Living the Very Important Person lifestyle

By Jeremy Garlick Source:Global Times Published: 2014-6-16 18:38:02

Illustration: Peter C. Espina/GT

 

I was waiting in a long line to board the train when it happened: a smartly dressed young lady with a luggage handler in tow sauntered casually to the front of the queue.

Together this pair, a young woman aged about 25 and a male porter aged about 55, stopped beside a special side gate. A ticket checker quickly ran across to open the gate, in the process revealing the truth of the situation: the young lady had purchased the privilege of being allowed on board the train before the other passengers.

I describe this minor incident in order to discuss a relatively novel phenomenon in China: the rise of the VIP.

In its original English meaning, the term 'VIP' (short for 'Very Important Person') is used to designate a dignitary or celebrity who is accorded special treatment on account of his or her high social status.

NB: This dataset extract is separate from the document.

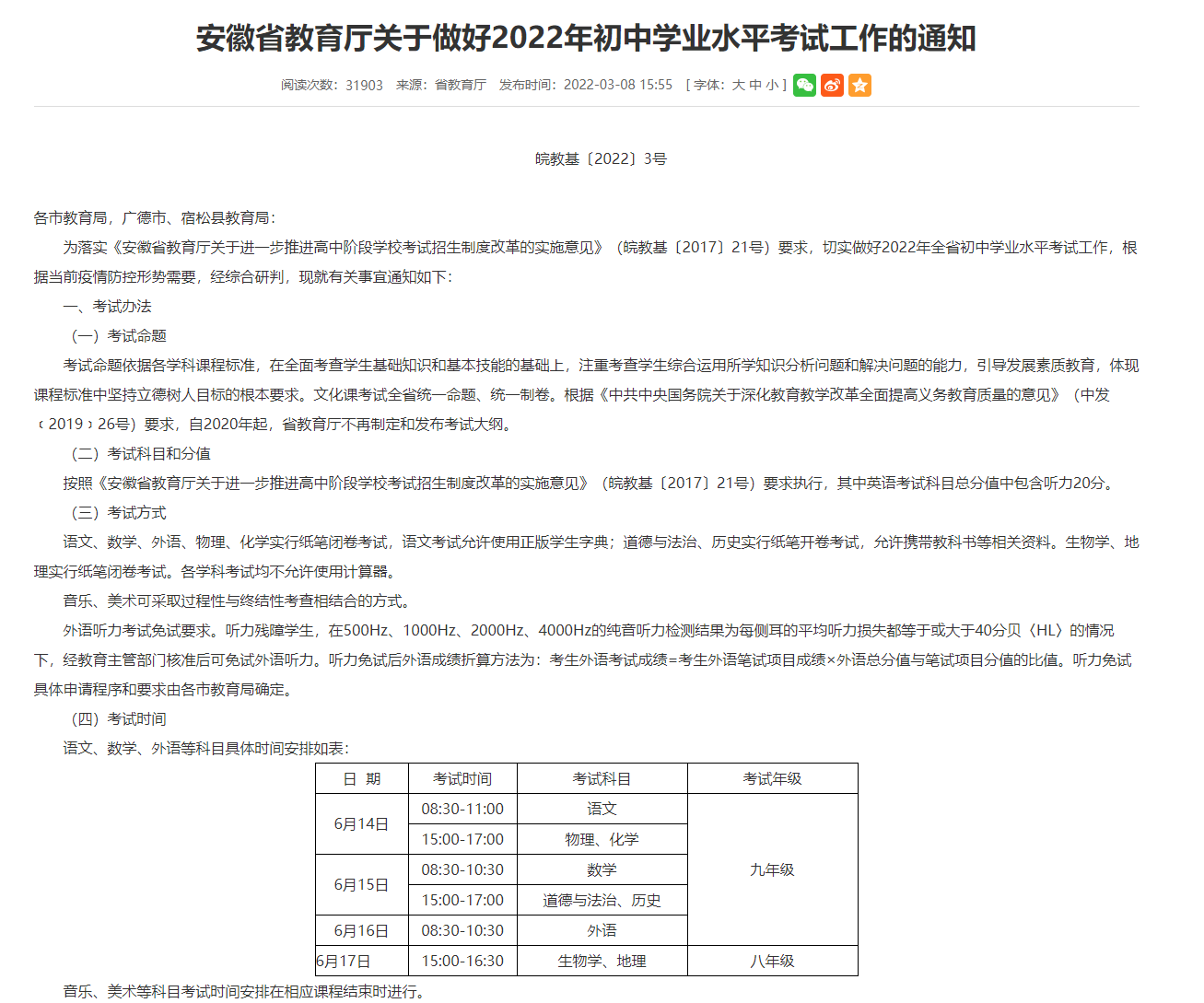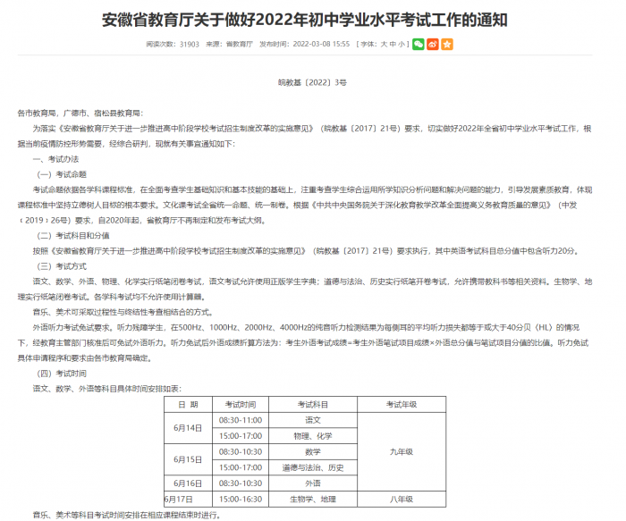 安徽省2022年中考时间为6月14-17日,其中14-16日九年级考试语文、物理、化学、数学、道德与法治、历史、外语,17日八年级考试生物、地理。

In China, on the other hand, the acronym seems to be open to acquisition via a financial transaction, and confers on the purchaser the right to be waited on hand and foot. In other words, a VIP in the Chinese sense would seem to be somebody who has paid more money for a service than anybody else.

However, there is undoubtedly more to this new VIP culture than just an extremely high level of luxury travel. The full significance of the term lies in the demeanor of the young lady described earlier. Her face showed that she was clearly enjoying passing by the line of passengers (some of whom had first-class tickets) with an older man trailing behind her like a lapdog.

An important aspect of being a nouveau VIP is not only to be better than mere first-class, but also to attract the envy and admiration of the hoi polloi. At the same time one must not neglect to boost one's own self-image and feeling of having 'arrived'.

This impulse to puff up one's ego is now sufficiently widespread that even local outdoor swimming pools have a VIP section. There, one can imagine, bathers are being served caviar and champagne by fragrant hostesses - or something along those lines.

Although I understand the necessity for companies to turn a profit, I think there are two serious drawbacks in pandering to some people's urge to be pampered and recognized as superior to others.

The first of these disadvantages is the strong possibility of undermining the idea that all the citizens in a state are notionally of equal importance. If some people are officially acknowledged as more important than others merely due to their ability to pay more money, then how can an egalitarian and harmonious society which serves everyone equally be constructed?

The other problem with the budding VIP culture is the very real risk of creating a generation that prizes and aspires to luxury, vanity, self-indulgence and high social status above all else. If we want a world full of stuck-up twenty-somethings parading with their noses in the air because they think they are better than everybody else, then encouraging young people to buy artificially-inflated privileges is certainly a good way to set about achieving this goal.

This article was published on the Global Times Metropolitan section Two Cents page, a space for reader submissions, including opinion, humor and satire. The ideas expressed are those of the author alone, and do not represent the position of the Global Times.